Provable optimality of averaging generalizers

Tue Aug 17 12:18:01 EDT 1993

David Wolpert writes:

-->1) Say I have 3 real numbers, A, B, and X. In general, it's always
-->true that with C = [A + B] / 2, [C - X]^2 <= {[A - X]^2 + [B - X]^2} /
-->2. (This is exactly analogous to having the cost of the average guess
-->bounded above by the average cost of the individual guesses.)
-->
-->2) This means that if we had a choice of either randomly drawing one
-->of the numbers {A, B}, or drawing C, that on average drawing C would
-->give smaller quadratic cost with respect to X.
-->
-->3) However, as Michael points out, this does *not* mean that if we had
-->just the numbers A and C, and could either draw A or C, that we should
-->draw C. In fact, point (1) tells us nothing whatsoever about whether A
-->or C is preferable (as far as quadratic cost with respect to X is
-->concerned).
-->
-->4) In fact, now create a 5th number, D = [C + A] / 2. By the same
-->logic as in (1), we see that the cost (wrt/ X) of D is less than the
-->average of the costs of C and A. So to the exact same degree that (1)
-->says we "should" guess C rather than A or B, it also says we should
-->guess D rather than A or C. (Note that this does *not* mean that D's
-->cost is necessarily less than C's though; we don't get endlessly
-->diminishing costs.)
-->
-->5) Step (4) can be repeated ad infinitum, getting a never-ending
-->sequence of "newly optimal" guesses. In particular, in the *exact*
-->sense in which C is "preferable" to A or B, and therefore should
-->"replace" them, D is preferable to A or B, and therefore should
-->replace *them* (and in particular replace C). So one is never left
-->with C as the object of choice.

This argument does not imply a contradiction for averaging!

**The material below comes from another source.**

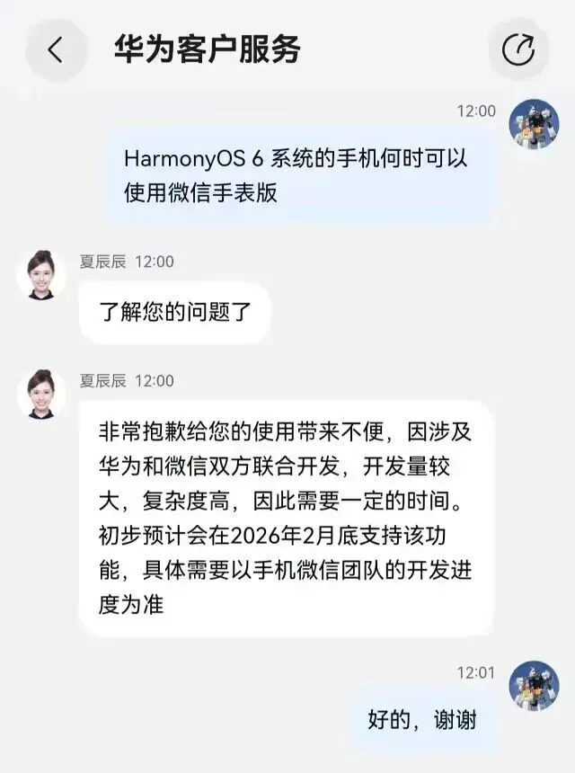 这事今天有了明确说法,我打电话问了华为客服,时间点在2月10日,得到的回复比较直白,鸿蒙6不是小修小补,系统底层换了一套,微信的手表端也不能照搬旧逻辑,双方一起把接口重写,把功耗重新算,把通信协议一条条对上去,后台保活以前一个做法,现在一个做法,要做到消息能秒到,手表电量又能顶住,权衡点在中间,开发工作量肉眼可见地大,节拍慢一些就慢一些,稳定第一。
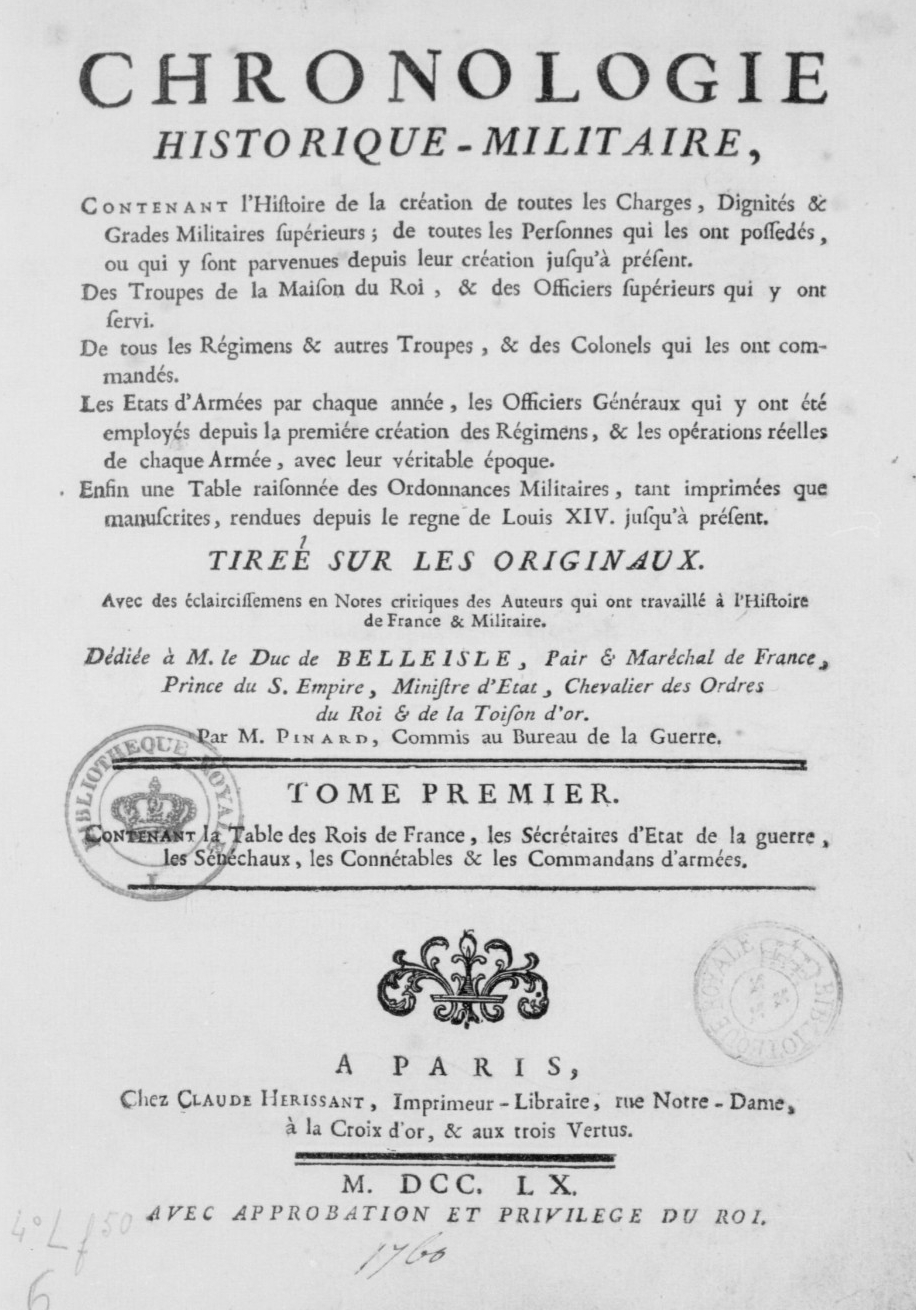 Chronologie historique-militaire [...], éditée par Pinard, Paris, C. Hérissant, 1760, t. I.

This argument shows the natural result of throwing away information.
Step (4) throws away number B.  Given that we no longer know B, number D
is the correct choice. (One could imagine such "forgetting" to be useful
in time varying situations - which leads towards the Kalman filtering
that was mentioned in relation to averaging a couple of weeks ago.)
In Step (5), an infinite sequence is developed by successively throwing
away more and more of number B.  The infinite limit of Step (5) is
number A.  In other words, we have thrown away all knowledge of B.

-->So (1) isn't really normative; it doesn't say one "should" guess the
-->average of a bunch of guesses:

Normative?  Hey is this an ethics class!?  :-)

-->7) Choosing D is better than randomly choosing amongst C or A, just as
-->   choosing C is better than randomly choosing amongst A or B.
-->
-->8) This doesn't mean that given C, one should introduce an A and
-->   then guess the average of C and A (D) rather than C, just as
-->   this doesn't mean that given A, one should introduce a B and 
-->   then guess the average of A and B (C) rather than A.

Sure, if you're willing to throw away information.

Michael